Interesting that. Not something I would have wished for - but in any case it does make me wonder what would have happened if when we were stopped a few days ago and one of the agentes came by my window (on the left side) and immediately asked for permiso de conducir y papeles del coche. The time that passed from us stopping and him being at the window was not enough for him to have checked with the database to see if our car was insured. Interesting that the law in the pdf states that that is his first step, and only in failure to confirm, he would ask us for the papers. I guess it's easier to follow the old habits for them  but it would have been interesting to see what would have happened next if OH had said "Non teno os papeles no coche". According to the pre-change I would have been fined 10 euros and told to present the receipts. This new change suggests he shouldn't have asked me for the papers before checking with the database anyway. As I said, would have been interesting, but glad I wasn't the guineapig - and as the DGT suggest in the pdf, would be a good idea to keep the papers together in the car anyway. Which is exactly what I would do even if DGT hadn't stated this at the bottom of the text on the pdf.
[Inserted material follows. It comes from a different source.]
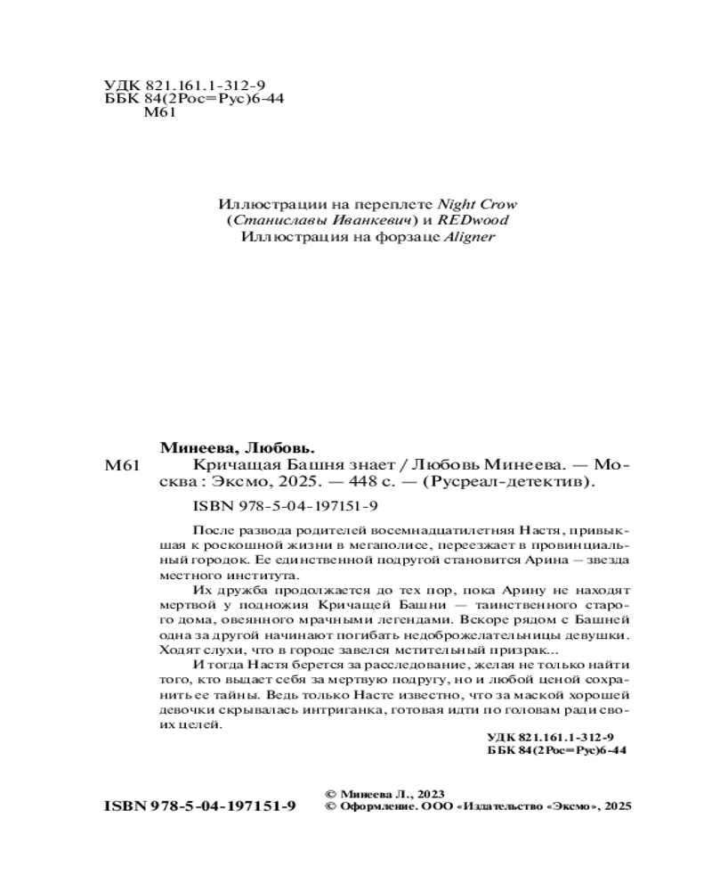 💳 Оплатить за товар можно при получении 🇰🇿 Есть бесплатная доставка по Казахстану от 1 дня 🎁 Копите бонусы с каждой покупки Серия: Русреал-детектив Детективный триллер в сеттинге мрачного русреала, наследующий традиции психологического романа Достоевского. История с городскими легендами русской глубинки в духе «Зайчика» Дмитрия Мордаса и культовой подростковой трилогии Мариам Петросян «Дом, в котором». |

I've always been one for the easy route when it comes to the GC

Hope you're keeping warm up there!!


Tally.xxx


----------



## anles

Tallulah said:


> Morning honey!!
> 
> Interesting that. Not something I would have wished for - but in any case it does make me wonder what would have happened if when we were stopped a few days ago and one of the agentes came by my window (on the left side) and immediately asked for permiso de conducir y papeles del coche. The time that passed from us stopping and him being at the window was not enough for him to have checked with the database to see if our car was insured. Interesting that the law in the pdf states that that is his first step, and only in failure to confirm, he would ask us for the papers. I guess it's easier to follow the old habits for them  but it would have been interesting to see what would have happened next if OH had said "Non teno os papeles no coche". According to the pre-change I would have been fined 10 euros and told to present the receipts. This new change suggests he shouldn't have asked me for the papers before checking with the database anyway. As I said, would have been interesting, but glad I wasn't the guineapig - and as the DGT suggest in the pdf, would be a good idea to keep the papers together in the car anyway. Which is exactly what I would do even if DGT hadn't stated this at the bottom of the text on the pdf. I've always been one for the easy route when it comes to the GC
> 
> Hope you're keeping warm up there!!
> 
> 
> Tally.xxx


Hola Guapa 
I agree totally, I fully intend to keep all my relevant paperwork in the car as their is no point in trying to aggravate the authorities just to prove a point and have always found the GC to be helpful and respectful on the few occasions I have ever been stopped. And the whole point of having traffic police is to ensure that people are complying with the law. The majority of accidents are caused by people who are speeding, drunk driving or using their phone while driving so they are necessary. Having the receipt for your insurance is good too, as we pay heavily enough in Galicia for our insurance; I think the only reason for this measure is because of so many claims for people who had paid up to date but hadn't received the receipt from the bank, but as you have 30 days grace, it is your own responsability to make sure your bank sends it through within this period, if not you can obtain a duplicate immediately, so it's no big deal.
It's chilly here at night but the afternoons are glorious. In fact, in general this winter, I have spent far less on heating than previous years. What's it been like there? 
Anles  xxx


----------



## Tallulah

anles said:


> Hola Guapa
> I agree totally, I fully intend to keep all my relevant paperwork in the car as their is no point in trying to aggravate the authorities just to prove a point and have always found the GC to be helpful and respectful on the few occasions I have ever been stopped. And the whole point of having traffic police is to ensure that people are complying with the law. The majority of accidents are caused by people who are speeding, drunk driving or using their phone while driving so they are necessary. Having the receipt for your insurance is good too, as we pay heavily enough in Galicia for our insurance; I think the only reason for this measure is because of so many claims for people who had paid up to date but hadn't received the receipt from the bank, but as you have 30 days grace, it is your own responsability to make sure your bank sends it through within this period, if not you can obtain a duplicate immediately, so it's no big deal.
> It's chilly here at night but the afternoons are glorious. In fact, in general this winter, I have spent far less on heating than previous years. What's it been like there?
> Anles  xxx


Pretty much the same here nena! Glorious sunshine right now for example - though we have had quite a bit of xiada at night. It can't be too bad overnight though because the central heating fuel isn't going down anywhere near as fast as we thought it would....so obviously not coming on too much at night to stop us freezing!! Just going to take a long walk with kids and dog now to walk off the festivo excesses - dunno about you, but with Entroido going on, we've stuffed ourselves silly with bunuelos, filloas, orellas (the sweet kind, not the pig ones lol!) etc - and m-i-l is doing pulpo for lunch. 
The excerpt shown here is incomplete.